The 6-3 decision overturned lower court rulings that had upheld Gov. Jared Polis’s church gathering limits to a maximum of 25 percent or 50 people, whichever is fewer, and ordered lower courts to re-examine the case.

“Today in Colorado it is perfectly legal for hundreds of shoppers to pack themselves cheek by jowl into a Lowes or other big box store or patronize any one of the thousands of other retail establishments that are not subject to draconian numerical limits,” church attorney Barry Arrington told National Review.
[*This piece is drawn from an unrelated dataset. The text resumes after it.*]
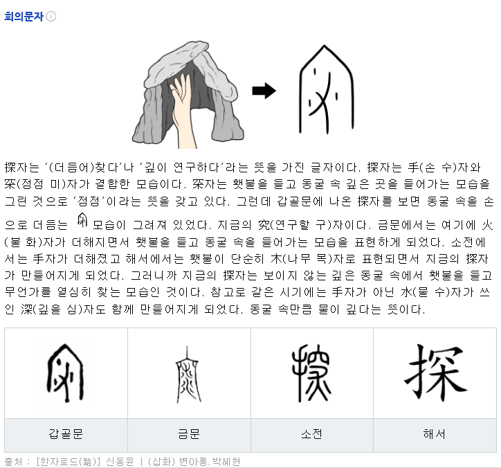 찾을 (탐). 왼편에 손 (수)와, 오른편에 점점 (미)가 합쳐진 이 글자는 한 손에 횃불을 들고 캄캄한 동굴 속을 더듬어가며 점점 그 안으로 들어가고 있는, 그러니까 ‘어떤 사람’이었다. 그가 어둠의 공포에 맞서며 그토록 열심히, 필사적으로 찾았던 것은 무엇이었을까. 자신의 외투에서 어느 공장의 소녀를 떠올리던 루시드폴의 노래가 생각나는 잠깐의 전율이었다. 오래도록 살아남아 어느 날 내게로 온 이 글자는 활자 너머에 사람이 있었다. 때로 참 부질없게 느껴지는 나의 사색이, 글을 쓴다는 것이 먼 옛날을 살던 누군가의 절박한 찾음의 행위와 일면 닿아 있음에 마음껏 뭉클해졌다. 너만 그런 게 아니라고. 잘 보이지 않아도 포기하지 말고 앞으로 조금씩 나아가는 것, 그게 우리가 살아왔고 살아가는 하나의 방식이라고. 그 아름다운 갑골문이 어느새 지쳐버린 나를 다독여 주는 것 같았다.

In the brief unsigned order, Justices Elena Kagan, Stephen Breyer, and Sonia Sotomayor dissented, arguing the case was moot given the state had already repealed its COVID orders on churches following a November ruling in a similar case out of New York nullifying religious restrictions.

The case was brought by the High Plains Harvest Church north of Denver, arguing the state was unlawfully targeting religious institutions by imposing harsher restrictions on churches than shopping centers.

On Tuesday, the Supreme Court also handed down its ruling on a New Jersey case brought by a Catholic priest and a rabbi. This ruling overturned limits on religious gatherings in houses of worship, wiping out executive rule-favoring opinions in the lower courts.

The cases upholding religious liberty come on the heels of rare public remarks by Justice Samuel Alito criticizing coronavirus lockdowns this year as placing “previously unimaginable” restrictions on American freedom.

“We have never before seen restrictions as severe, extensive and prolonged as those experienced for most of 2020,” Alito said in a virtual speech to The Federalist Society. “The COVID crisis has served as sort of a constitutional stress test.”